■ Action item
Could you output each line below precisely as it stands, without the images?

Given information: Begin

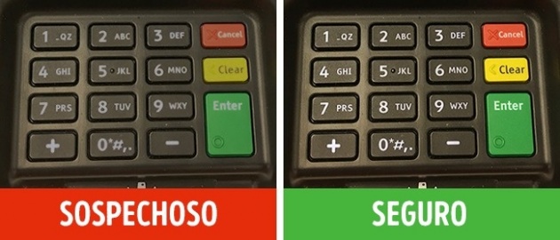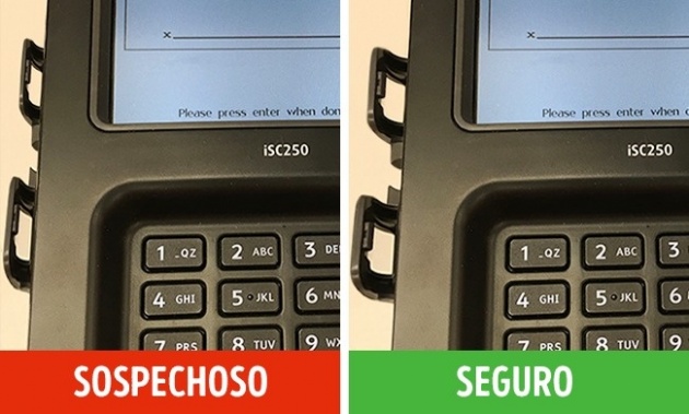 Para que el panel de skimmer pueda acoplarse al terminal, debe ser más largo y más ancho que el dispositivo. Es por eso que el terminal con un skimmer es de tamaño visiblemente más grande que el terminal original. Esta es la característica principal para identificar un skimmer.
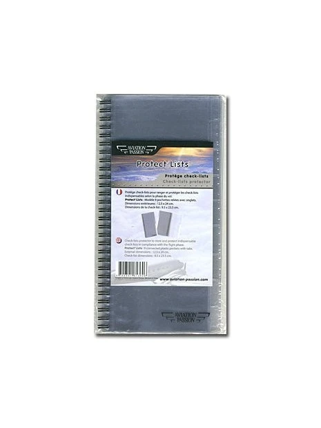 Un carnet de 9 pochettes reliées, au format 12.5 x 24 cm, avec couverture transparente souple, pour protéger vos check-lists.
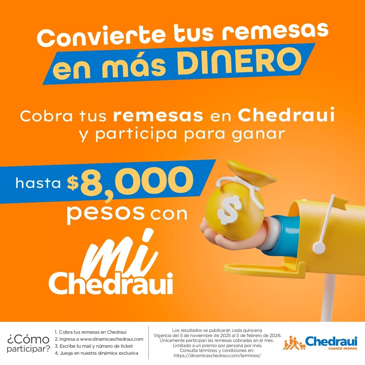 Cobra tus remesas en Chedraui entre el 5 de noviembre de 2025 y el 5 de febrero de 2026. Ingresa a https://www.dinamicaschedraui.com/, registra tu correo electrónico, número de ticket y juega en la dinámica exclusiva.
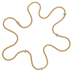 Crafted in 18K yellow gold, this Fope necklace showcases .72 CTW of diamonds on white gold rondels, elegantly designed at an 80cm length to enhance any outfit with timeless sophistication.
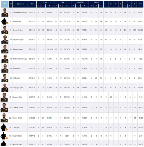 | N | Foto | Oyuncu Adı | Süre | 3 Sayı | 2 Sayı | Serbest Atış | Ribaunt | A | TK | TÇ | B | F | S | MVP | |||||||||
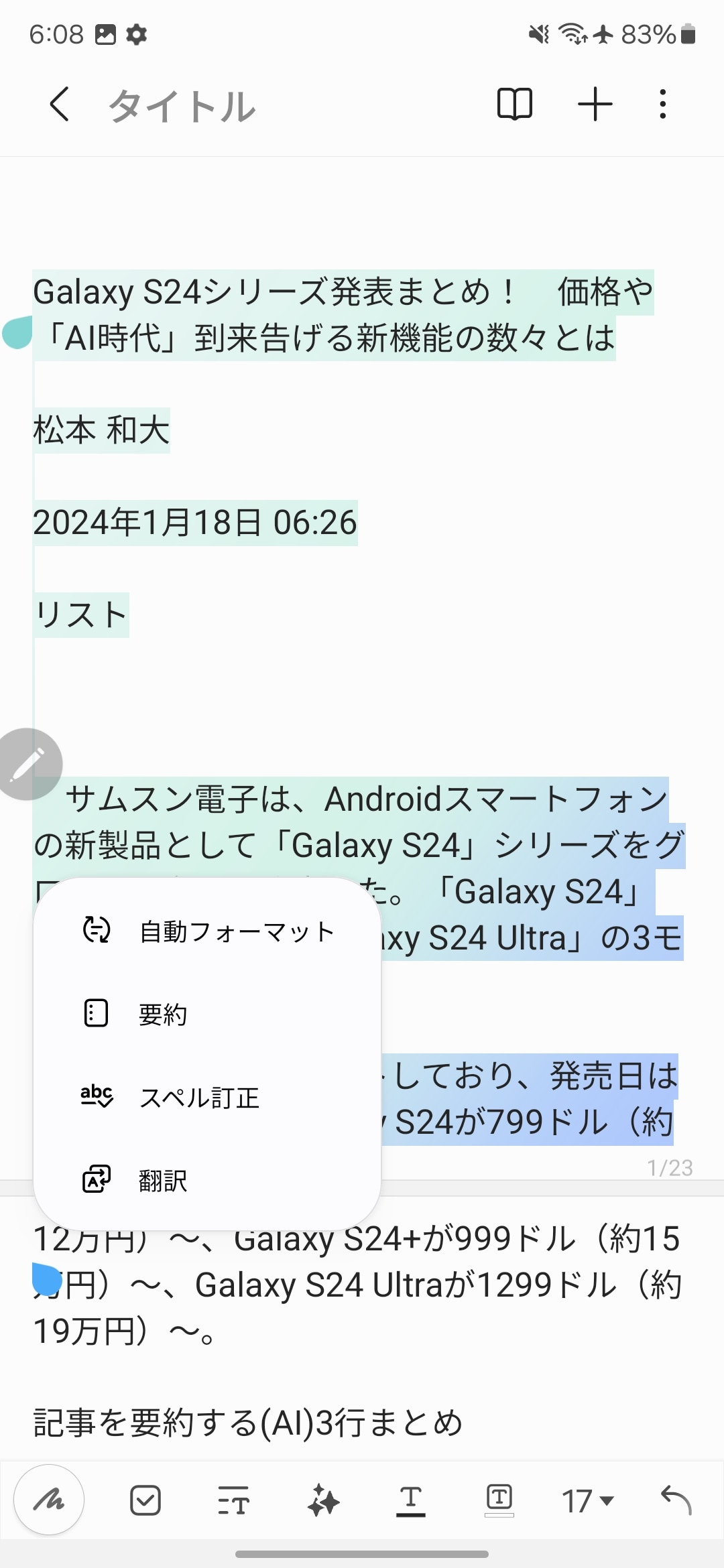 「Galaxy S24 Ultra」の“AI要約・翻訳”機能を試してみる(12/14)
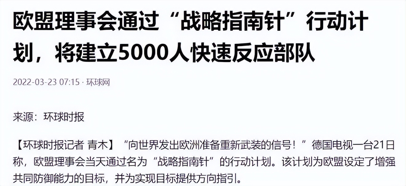 我再給出一個消息,就在歐洲緊跟美國製裁俄羅斯的同時,3月21日,歐盟理事會通過了一個名為“戰略指南針”的行動計劃,根據計劃,未來歐盟將建立一支最多由5000人組成的快速反應部隊,這就是馬克龍極力推動的“歐洲軍”。
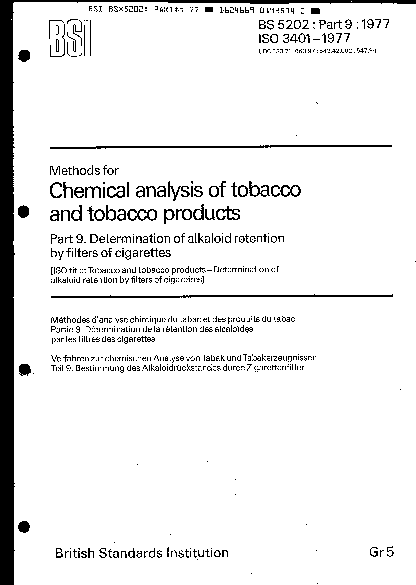 Methods for chemical analysis of tobacco and products Determination alkaloid retention by filters cigarettes (spectrometric method)

Given information: End

■ Task output
 Para que el panel de skimmer pueda acoplarse al terminal, debe ser más largo y más ancho que el dispositivo. Es por eso que el terminal con un skimmer es de tamaño visiblemente más grande que el terminal original. Esta es la característica principal para identificar un skimmer.
 Un carnet de 9 pochettes reliées, au format 12.5 x 24 cm, avec couverture transparente souple, pour protéger vos check-lists.
 Cobra tus remesas en Chedraui entre el 5 de noviembre de 2025 y el 5 de febrero de 2026. Ingresa a https://www.dinamicaschedraui.com/, registra tu correo electrónico, número de ticket y juega en la dinámica exclusiva.
 Crafted in 18K yellow gold, this Fope necklace showcases .72 CTW of diamonds on white gold rondels, elegantly designed at an 80cm length to enhance any outfit with timeless sophistication.
 | N | Foto | Oyuncu Adı | Süre | 3 Sayı | 2 Sayı | Serbest Atış | Ribaunt | A | TK | TÇ | B | F | S | MVP | |||||||||
 「Galaxy S24 Ultra」の“AI要約・翻訳”機能を試してみる(12/14)
 我再給出一個消息,就在歐洲緊跟美國製裁俄羅斯的同時,3月21日,歐盟理事會通過了一個名為“戰略指南針”的行動計劃,根據計劃,未來歐盟將建立一支最多由5000人組成的快速反應部隊,這就是馬克龍極力推動的“歐洲軍”。
 Methods for chemical analysis of tobacco and products Determination alkaloid retention by filters cigarettes (spectrometric method)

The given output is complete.